Versions (relevant - OpenSearch/Dashboard/Server OS/Browser):
Opensearch 1.0
Describe the issue:
Reindex job failing with search_phase_execution_exception. We tried decreasing the batch size from default 1000 to 100 and still see the same issue. Any other options to try with?
Configuration:
Relevant Logs or Screenshots:
Can you show more information about your problem? Such as the full log of the search_phase_execution_exception
and the reindex parameters.
API is very simple as below. We are running 10 parallel reindex jobs and under load we hit this
POST /_reindex
{
"source":{
"index":"sourceIndex",
"size": 100
},
"dest":{
"index":"destIndex"
}
}
Below is the response from task api of that reindex operation
{
"completed": true,
"task": {
"node": "abc",
"id": 182462425,
"type": "transport",
"action": "indices:data/write/reindex",
"status": {
"total": 1629142,
"updated": 0,
"created": 128300,
"deleted": 0,
"batches": 1283,
"version_conflicts": 0,
"noops": 0,
"retries":
{ "bulk": 0, "search": 0 }
,
"throttled_millis": 0,
"requests_per_second": -1.0,
"throttled_until_millis": 0
},
"description": "reindex from [sourceIndex] to [destIndex1][_doc]",
"start_time_in_millis": 1694273514552,
"running_time_in_nanos": 1339667737279,
"cancellable": true,
"headers": {}
},
"error": {
"type": "search_phase_execution_exception",
"reason": "all shards failed",
"phase": "query",
"grouped": true,
"failed_shards": [
{
"shard": -1,
"index": null,
"reason":
{ "type": "search_context_missing_exception", "reason": "No search context found for id [61314384]" }
}
],
"caused_by":
{ "type": "search_context_missing_exception", "reason": "No search context found for id [61314384]" }
}
}
This likely means that the underlying scroll expired.

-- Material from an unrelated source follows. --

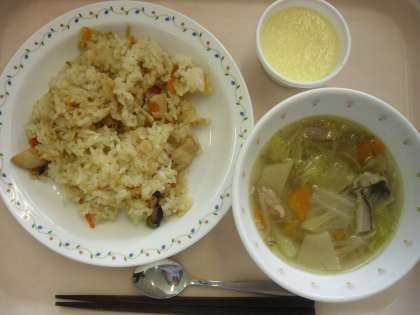 今日は、5月5日のこどもの日にちなんだ献立です。デザートは、給食室でつくった“てづくりプリン”です。写真では、わかりにくいですが、下にカラメルソースが入っています。てづくりならではの、ホッとする味のプリンでした。どのクラスも大人気で、教室からは、じゃんけん大会の声が聞こえてきました!

You could increase the timeout (which is really for processing each page), but the default scroll
should be 5m
. So I’m assuming your OpenSearch cluster can’t keep up with the load, that it can’t process a page in 5 minutes…
Maybe you can run less reindexing jobs in parallel?
@makam.sreekanth
As @radu.gheorghe said,
when you create heavy _tasks for reindexing like:
POST _reindex?wait_for_completion=false
{
"conflicts": "proceed",
"source": {
"index": ["abc.prd.reindex_2020"],
"size": 100
},
"dest": {
"index": "search.abc.prd",
"version_type": "external"
},
"script": {
"source": """
ctx._source.DELETE_YN= 'N';
""",
"lang": "painless"
}
}
you should insert scroll query parameter.
Please increase from the default interval(5m
) to the larger one(1d
) or decrease size of _source.